Deoxyuracil in DNA and disease: Genomic signal or managed situation?

Abstract

Genomic instability is implicated in the etiology of several deleterious health outcomes including megaloblastic anemia, neural tube defects, and neurodegeneration. Uracil misincorporation and its repair are known to cause genomic instability by inducing DNA strand breaks leading to apoptosis, but there is emerging evidence that uracil incorporation may also result in broader modifications of gene expression, including: changes in transcriptional stalling, strand break-mediated transcriptional upregulation, and direct promoter inhibition. The factors that influence uracil levels in DNA are cytosine deamination, de novo thymidylate (dTMP) biosynthesis, salvage dTMP biosynthesis, dUTPase, and DNA repair.
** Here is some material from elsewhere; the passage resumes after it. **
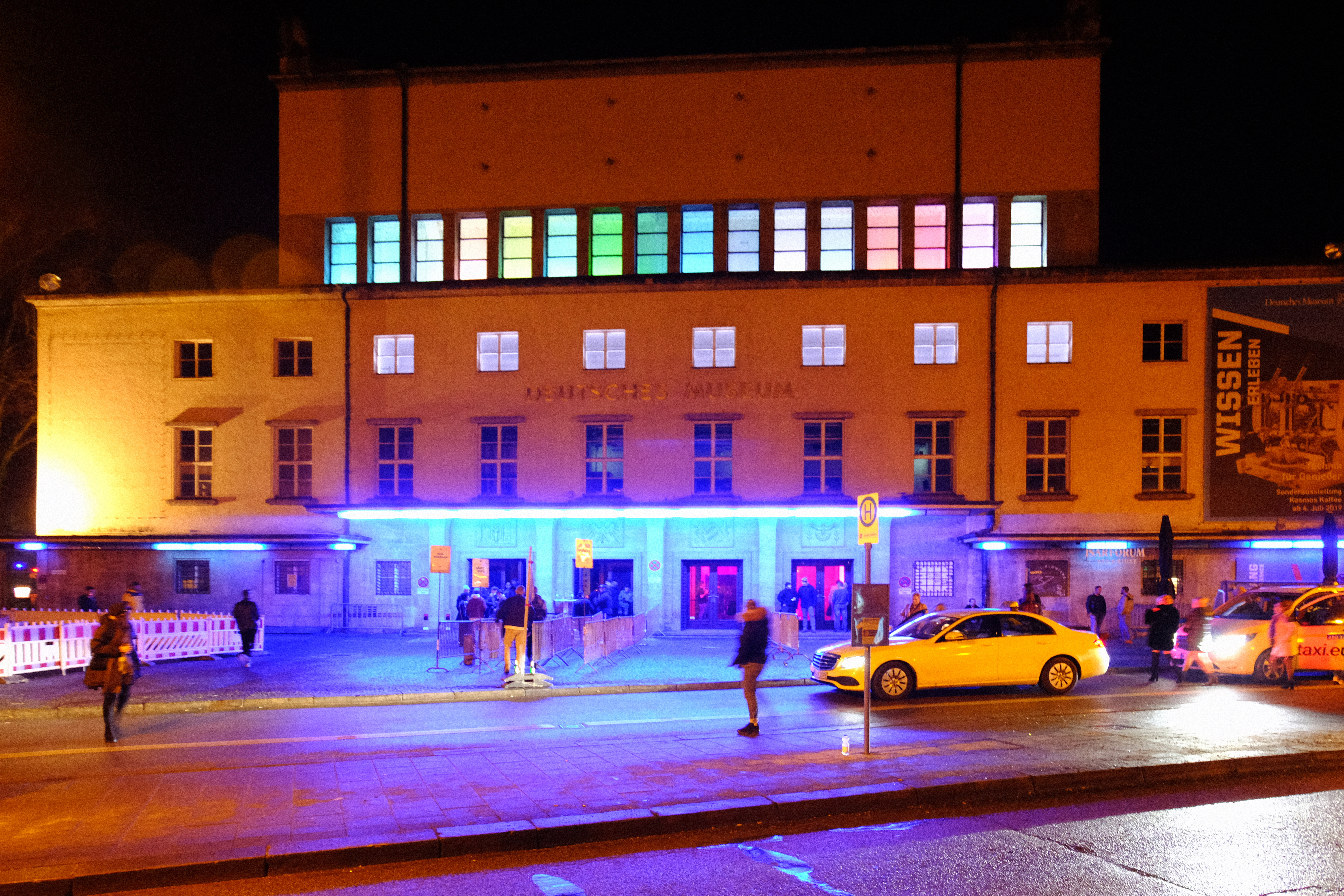 Blitz Club in Munich, view of the entrance (2020)

There is evidence that the nuclear localization of the enzymes in these pathways in mammalian cells may modify and/or control the levels of uracil accumulation into nuclear DNA. Uracil sequencing technologies demonstrate that uracil in DNA is not distributed stochastically across the genome, but instead shows patterns of enrichment. Nuclear localization of the enzymes that modify uracil in DNA may serve to change these patterns of enrichment in a tissue-specific manner, and thereby signal the genome in response to metabolic and/or nutritional state of the cell.